Her eyes landed on the kitchen table. It was littered with pill bottles and papers.

"Those are mine," I said.

"I won't get rid of anything else." Hannah moved toward the table. I thought I might fall if I let go of the couch, and besides, the game was up.

The game had been up for a while now.

Hannah examined my prescriptions. Fresh tears rolled down her face as she lined up the bottles.

Firelight fell across the table, illuminating my notebook and piles of loose pages. Hannah picked up the first pile. I watched her face as her expression changed.

Emboldened by the bourbon, I wanted to demand to know why she had never returned my zillions of calls, texts, and emails. Why, if she was so worried, did she leave me alone this long? Why? Why couldn't she forgive me? And why couldn't I forgive myself?

I was still too scared to ask.

If Hannah really couldn't forgive me, I would never find my way. She left me alone in the riddle. I needed her because I loved her—or I loved her because I needed her. Why had the feelings turned to a maze? Now I was lost in the dark. In my dreams I ran paths walled with high hedges. Always the leaves brushing me like laughter. Always the long night.

"I couldn't... get you to hear me," I said, speaking carefully so I didn't slur.

"So you did this?"

She lifted the handwritten pages of The Surrogate. I nodded.

Hannah was silent a long while. I could see her thinking... a parade of questions, answers, realizations. She must have looked like this when she first learned I was M. Pierce.

Finally, she set down the pages. She came toward me. This time, I was scared.

I closed my eyes and braced myself against the couch. Hannah slipped the bottle from my fingers. I heard her set it on the floor.

She hugged me from behind, folding her hands over my heart.

God, that soft skin...

"You are always deceiving me," she whispered.

I clasped the couch with both hands.

"Always, Matt, always speaking to me from any mouth but your own. Don't you know that I love you? I see you under all your lies, and I always find you."

I opened my eyes and rolled back my head, staring at the vaulted ceiling. I wouldn't let these brimming tears fall.

Hannah's fingers skated over my chest and stomach. Desire's dark eye cracked open.

"Hannah... I can't."

"Can't what?" She kissed my back. Her open mouth lingered against my bare shoulder. She bit down gently and held my hips.

"I can't write the scene," I mumbled. I can't get it up.

"I was waiting for that scene. I've been living on your words. Why can't you write it?"

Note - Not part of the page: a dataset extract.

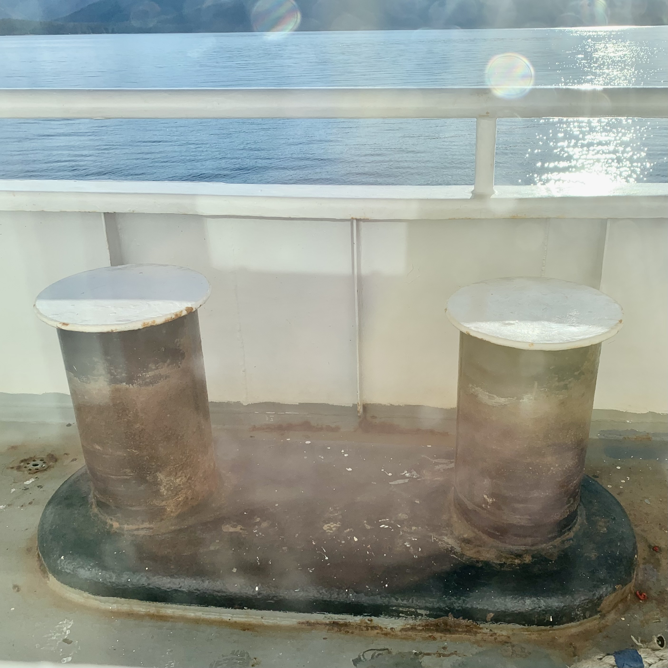 After the time consuming process of unloading and loading the vehicles and cargo we plowed onward to Juneau with a scheduled arrival of around 9:00 pm. By now I was ready to tuck in and was delighted when I awoke the next morning to blue sky and sunshine. I had totally missed the port-of-call of Juneau and now we were only a couple hours out of Sitka. I had been obsessing about the docking and vehicle loading process as my room was right over the cargo entrance door on the main deck below and the capstans were right below my window on the starboard side of the deck. At the previous port, the deploying and securing of the mooring lines, then 2-3 hours later the process of releasing and rewinding of the massive ropes, and the clattering the vehicles rolling on the metal ramp was quite a clangorous process. I doubt it was a quiet process so I must have been dead to the world soothed by the gentle vibrations and hum of the engines.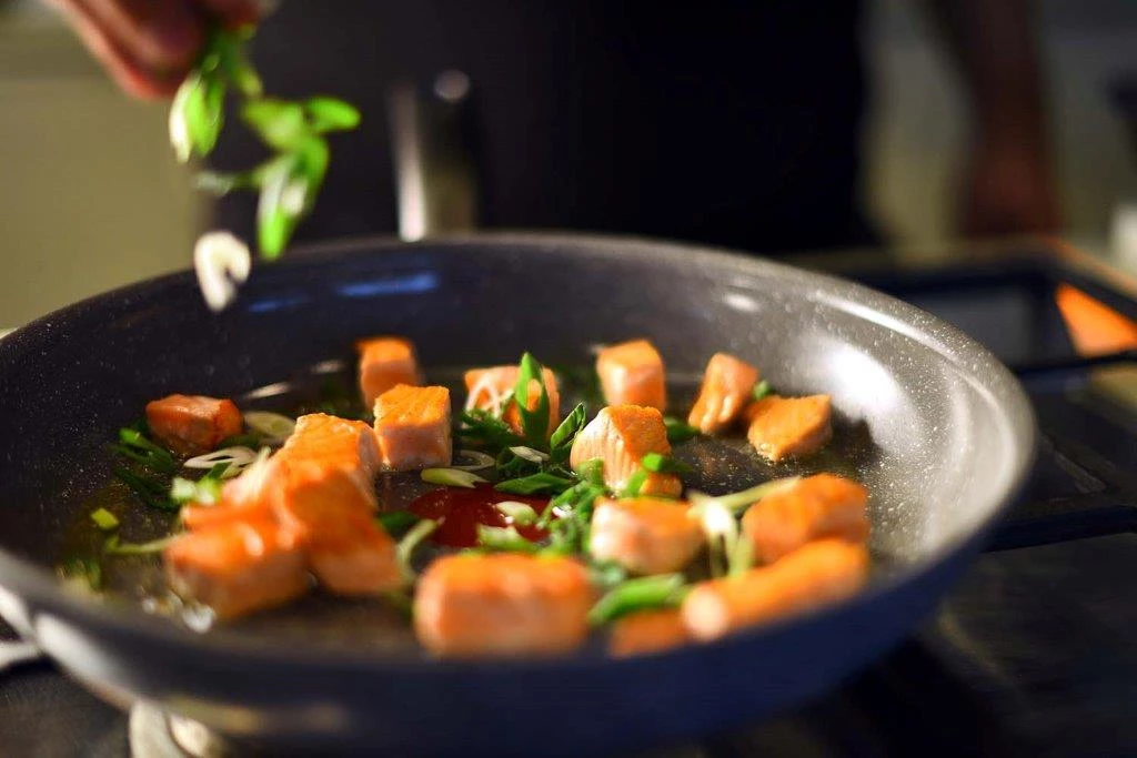 Ξαναβάζετε το Tefal Meteor σε δυνατή φωτιά και προσθέτετε το υπόλοιπο ελαιόλαδο.

"I can't feel it. The feelings, I can't..."

I dug my fingers into the back of the couch. God, how humiliating. I would have broken away from Hannah if I didn't feel sure I would fall.

She moved sinuously against me, kissing a trail up my neck to my ear. She stood on her tiptoes and tugged at my earlobe. I moaned softly.

"I can't," I pleaded, "I can't."

"Shhh, Matt. It's okay now, it's over. I'm here and I'll never leave you."

Hannah crushed her breasts to my back. She pressed a hand to the front of my boxers. I gasped. For the first time in months, heat surged into my loins.

"Ah, fuck," I groaned. "Hannah..."

I began to rub my cock against her palm. She whispered sweet nothings in my ear. The sense of the words fell away; all that remained were her hot breath and encouraging voice.

Soon, I was straining against my boxers. Hannah slid them down. Her fingers curled around my shaft and she cupped my balls. I gazed down in disbelief.

Nothing less than this was enough.

I humped into Hannah's hand frantically.

"I haven't—" I stammered. "I won't last."

"It's okay, Matt, it's okay."

The firelight flashed on our skin, dyeing us amber-orange. The silence of the cabin closed around us. Hannah matched my desperate rhythm with her hands.

"Oh," I sighed, "oh... oh."

With a cry like a sob, I came into her hand. I sagged against the couch. Hannah moved off, discreetly wiping her hand clean, and returned to embrace me. I wrapped an arm around her.

"I'm tired," she said, kissing my neck. "It's late. Can you sleep?"